- [Data section]:
++++++++
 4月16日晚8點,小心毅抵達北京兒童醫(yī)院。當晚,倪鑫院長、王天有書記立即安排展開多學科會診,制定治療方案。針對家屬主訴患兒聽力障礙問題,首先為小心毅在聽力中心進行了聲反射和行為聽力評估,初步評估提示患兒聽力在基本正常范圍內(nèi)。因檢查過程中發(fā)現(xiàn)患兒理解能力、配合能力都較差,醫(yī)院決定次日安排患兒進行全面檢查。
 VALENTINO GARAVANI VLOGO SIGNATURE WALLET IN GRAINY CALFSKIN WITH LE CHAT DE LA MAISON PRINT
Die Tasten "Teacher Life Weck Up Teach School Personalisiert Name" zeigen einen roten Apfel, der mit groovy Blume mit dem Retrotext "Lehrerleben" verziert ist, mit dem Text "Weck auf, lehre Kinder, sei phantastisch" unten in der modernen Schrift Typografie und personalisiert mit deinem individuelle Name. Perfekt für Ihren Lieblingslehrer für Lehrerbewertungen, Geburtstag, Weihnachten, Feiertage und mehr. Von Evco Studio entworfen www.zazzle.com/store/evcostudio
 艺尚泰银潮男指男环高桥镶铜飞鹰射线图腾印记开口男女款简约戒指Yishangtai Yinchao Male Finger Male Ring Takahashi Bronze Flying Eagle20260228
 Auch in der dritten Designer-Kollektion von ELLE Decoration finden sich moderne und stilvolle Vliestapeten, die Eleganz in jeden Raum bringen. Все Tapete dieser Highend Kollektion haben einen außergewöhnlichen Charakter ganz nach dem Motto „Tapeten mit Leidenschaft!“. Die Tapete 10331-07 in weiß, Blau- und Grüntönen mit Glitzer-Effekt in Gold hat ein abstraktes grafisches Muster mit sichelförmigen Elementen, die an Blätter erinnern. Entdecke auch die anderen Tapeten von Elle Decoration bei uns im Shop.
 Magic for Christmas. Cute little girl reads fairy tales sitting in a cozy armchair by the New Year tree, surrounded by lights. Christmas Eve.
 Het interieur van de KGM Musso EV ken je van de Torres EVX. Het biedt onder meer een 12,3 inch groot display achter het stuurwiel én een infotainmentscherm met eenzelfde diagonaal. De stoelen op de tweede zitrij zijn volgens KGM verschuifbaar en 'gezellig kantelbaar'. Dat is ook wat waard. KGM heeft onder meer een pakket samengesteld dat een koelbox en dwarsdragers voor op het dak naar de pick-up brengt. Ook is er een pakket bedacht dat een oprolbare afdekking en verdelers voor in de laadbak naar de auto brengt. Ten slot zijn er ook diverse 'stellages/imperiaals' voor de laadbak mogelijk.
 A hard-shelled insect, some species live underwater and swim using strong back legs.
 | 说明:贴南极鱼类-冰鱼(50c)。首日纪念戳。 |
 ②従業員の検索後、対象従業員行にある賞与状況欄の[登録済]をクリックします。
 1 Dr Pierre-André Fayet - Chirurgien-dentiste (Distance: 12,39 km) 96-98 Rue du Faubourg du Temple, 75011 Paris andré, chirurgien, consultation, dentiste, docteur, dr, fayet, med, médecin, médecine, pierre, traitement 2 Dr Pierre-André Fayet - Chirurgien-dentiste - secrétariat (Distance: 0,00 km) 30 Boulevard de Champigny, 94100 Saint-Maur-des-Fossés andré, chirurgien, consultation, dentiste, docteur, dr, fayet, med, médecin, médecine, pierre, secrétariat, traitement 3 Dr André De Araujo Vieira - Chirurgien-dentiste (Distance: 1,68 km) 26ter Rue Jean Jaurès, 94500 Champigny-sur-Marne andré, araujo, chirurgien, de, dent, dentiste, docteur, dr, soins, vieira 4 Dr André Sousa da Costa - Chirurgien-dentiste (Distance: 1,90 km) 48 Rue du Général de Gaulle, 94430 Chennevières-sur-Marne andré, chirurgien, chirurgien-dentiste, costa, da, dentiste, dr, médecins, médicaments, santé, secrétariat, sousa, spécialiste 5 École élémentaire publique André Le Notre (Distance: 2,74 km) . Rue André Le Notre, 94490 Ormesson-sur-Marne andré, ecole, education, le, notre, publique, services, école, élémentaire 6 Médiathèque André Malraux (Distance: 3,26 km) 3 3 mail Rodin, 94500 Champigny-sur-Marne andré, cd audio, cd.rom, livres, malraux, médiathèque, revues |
++++++++
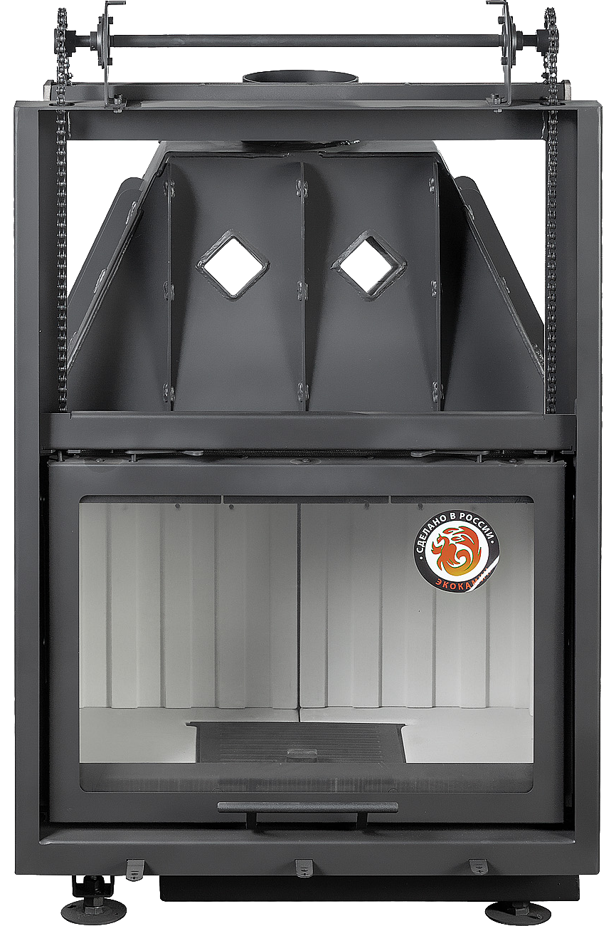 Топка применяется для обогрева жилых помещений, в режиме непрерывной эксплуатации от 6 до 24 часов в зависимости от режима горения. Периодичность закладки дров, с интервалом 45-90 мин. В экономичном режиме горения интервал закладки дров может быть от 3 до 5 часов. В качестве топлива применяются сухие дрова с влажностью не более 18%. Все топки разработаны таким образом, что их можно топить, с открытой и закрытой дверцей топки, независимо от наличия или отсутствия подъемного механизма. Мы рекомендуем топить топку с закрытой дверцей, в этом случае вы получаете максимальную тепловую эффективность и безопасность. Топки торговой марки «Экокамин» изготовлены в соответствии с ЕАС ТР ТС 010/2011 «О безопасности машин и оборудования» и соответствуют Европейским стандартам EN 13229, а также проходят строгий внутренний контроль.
++++++++
- [The problem]:
From the material above, set down exactly the lines starting at the one with "②従業員の検索後、対象従業員行にある賞与状況欄の[登録済]をクリックします。" and ending at the one with "1 Dr Pierre-André", end lines included.

- [Response below]:
 ②従業員の検索後、対象従業員行にある賞与状況欄の[登録済]をクリックします。
 1 Dr Pierre-André Fayet - Chirurgien-dentiste (Distance: 12,39 km) 96-98 Rue du Faubourg du Temple, 75011 Paris andré, chirurgien, consultation, dentiste, docteur, dr, fayet, med, médecin, médecine, pierre, traitement 2 Dr Pierre-André Fayet - Chirurgien-dentiste - secrétariat (Distance: 0,00 km) 30 Boulevard de Champigny, 94100 Saint-Maur-des-Fossés andré, chirurgien, consultation, dentiste, docteur, dr, fayet, med, médecin, médecine, pierre, secrétariat, traitement 3 Dr André De Araujo Vieira - Chirurgien-dentiste (Distance: 1,68 km) 26ter Rue Jean Jaurès, 94500 Champigny-sur-Marne andré, araujo, chirurgien, de, dent, dentiste, docteur, dr, soins, vieira 4 Dr André Sousa da Costa - Chirurgien-dentiste (Distance: 1,90 km) 48 Rue du Général de Gaulle, 94430 Chennevières-sur-Marne andré, chirurgien, chirurgien-dentiste, costa, da, dentiste, dr, médecins, médicaments, santé, secrétariat, sousa, spécialiste 5 École élémentaire publique André Le Notre (Distance: 2,74 km) . Rue André Le Notre, 94490 Ormesson-sur-Marne andré, ecole, education, le, notre, publique, services, école, élémentaire 6 Médiathèque André Malraux (Distance: 3,26 km) 3 3 mail Rodin, 94500 Champigny-sur-Marne andré, cd audio, cd.rom, livres, malraux, médiathèque, revues |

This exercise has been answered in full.